Lo sgombero delle barricate in Valsusa, condotta con grande spiegamento di forze e di mezzi contro lavoratori, le donne e i loro figli disarmati, è una vittoria effimera delle forze reazionarie perchè i problemi restano sul tappeto e si acutizzeranno.

Nonostante la forzata apertura dei cantieri, la popolazione della Valsusa non si da per vinta e proseguirà la lotta. La lezione ricevuta non sarà dimenticata. L’educazione diretta delle masse ha compiuto più progressi nella sconfitta di un giorno di quanti ne avrebbe potuto compiere in anni di rassegnazione.
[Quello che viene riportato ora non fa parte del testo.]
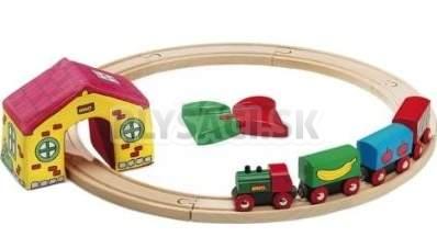 Drevená vláčikodráha s lokomotívou a nákladným autom na prepravu áut. Súčasťou sady sú aj ďalšie vagóniky, autíčka, značka, nájazd na nákladiak a závory. Táto s…
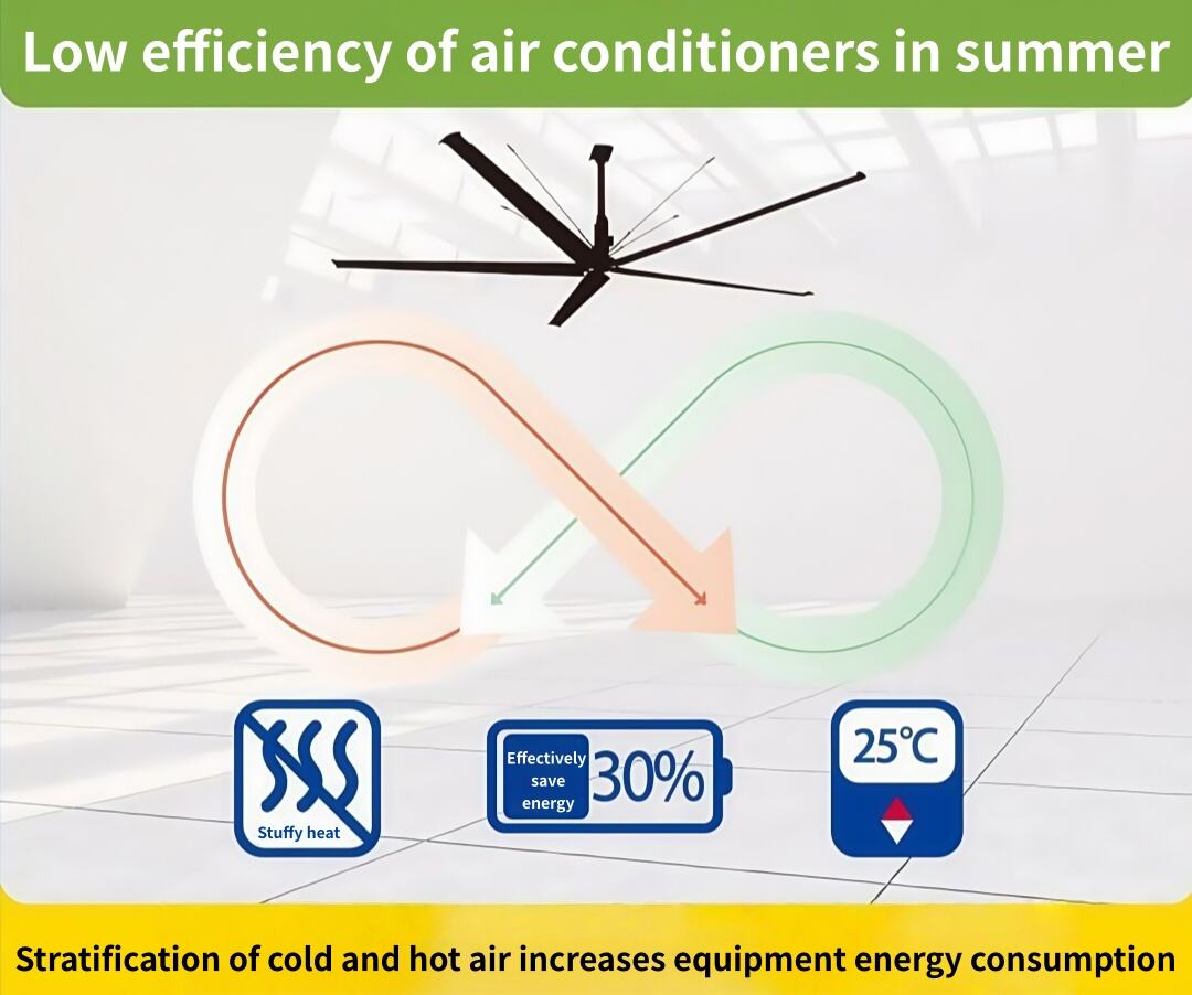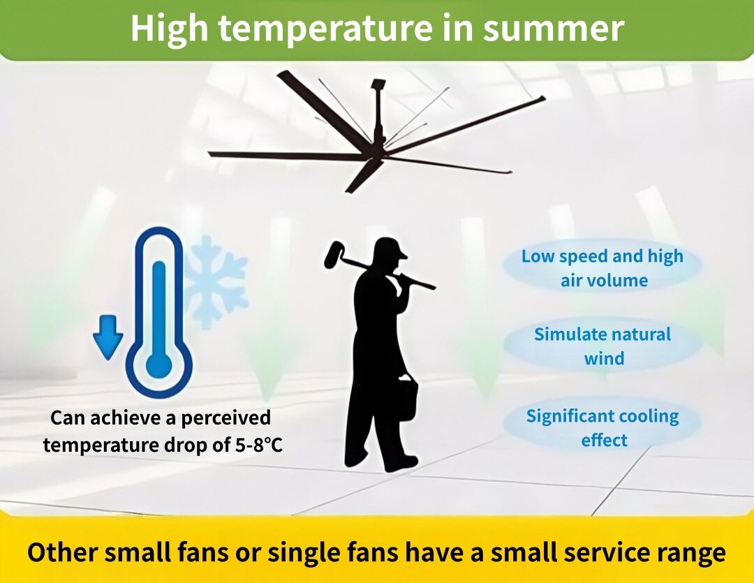 diameter 7,3-meter VlS Sebuah kipas HVLS tunggal dapat menjangkau area lebih dari 2000㎡ secara kontinu mengaduk udara membentuk sirkulasi tiga dimensi

Esprimiamo piena solidarietà alla resistenza delle popolazioni e degli attivisti No Tav in difesa del territorio, contro la politica reazionaria del governo italiano e dell’UE, istituzioni all’esclusivo servizio dei monopoli capitalisti. La lotta per la difesa degli interessi e delle conquiste dei lavoratori si intreccerà sempre più con la lotta contro entrambe queste istituzioni.

Difendiamo la libertà della popolazione di manifestare e il diritto di decidere del suo futuro, della sua salute, della sua vita.

Chiediamo l’immediato ritiro delle forze di polizia dalla Valsusa.

Alla lotta contro la Tav deve andare il sostegno della classe operaia, dei lavoratori, dei giovani, delle donne, di tutti gli organismi del movimento operaio, progressista, ambientalista.

La solidarietà dimostrata nei giorni scorsi, a partire dagli scioperi di protesta scoppiati nelle fabbriche, è di grande importanza. Ma per vincere è necessario unire e ampliare il fronte di lotta. E’ necessario che ogni componente del movimento operaio e popolare appoggi e partecipi alle lotte delle altre, è necessaria una mobilitazione generale delle forze del proletariato.

Soprattutto occorre dotarsi dello strumento indispensabile per dirigere le lotte verso una soluzione rivoluzionaria delle contraddizioni del capitalismo, per conquistare una nuova società senza sfruttamento e senza devastazione ambientale: il partito comunista marxista-leninista.

Prepariamoci all’intensificazione della lotta di classe!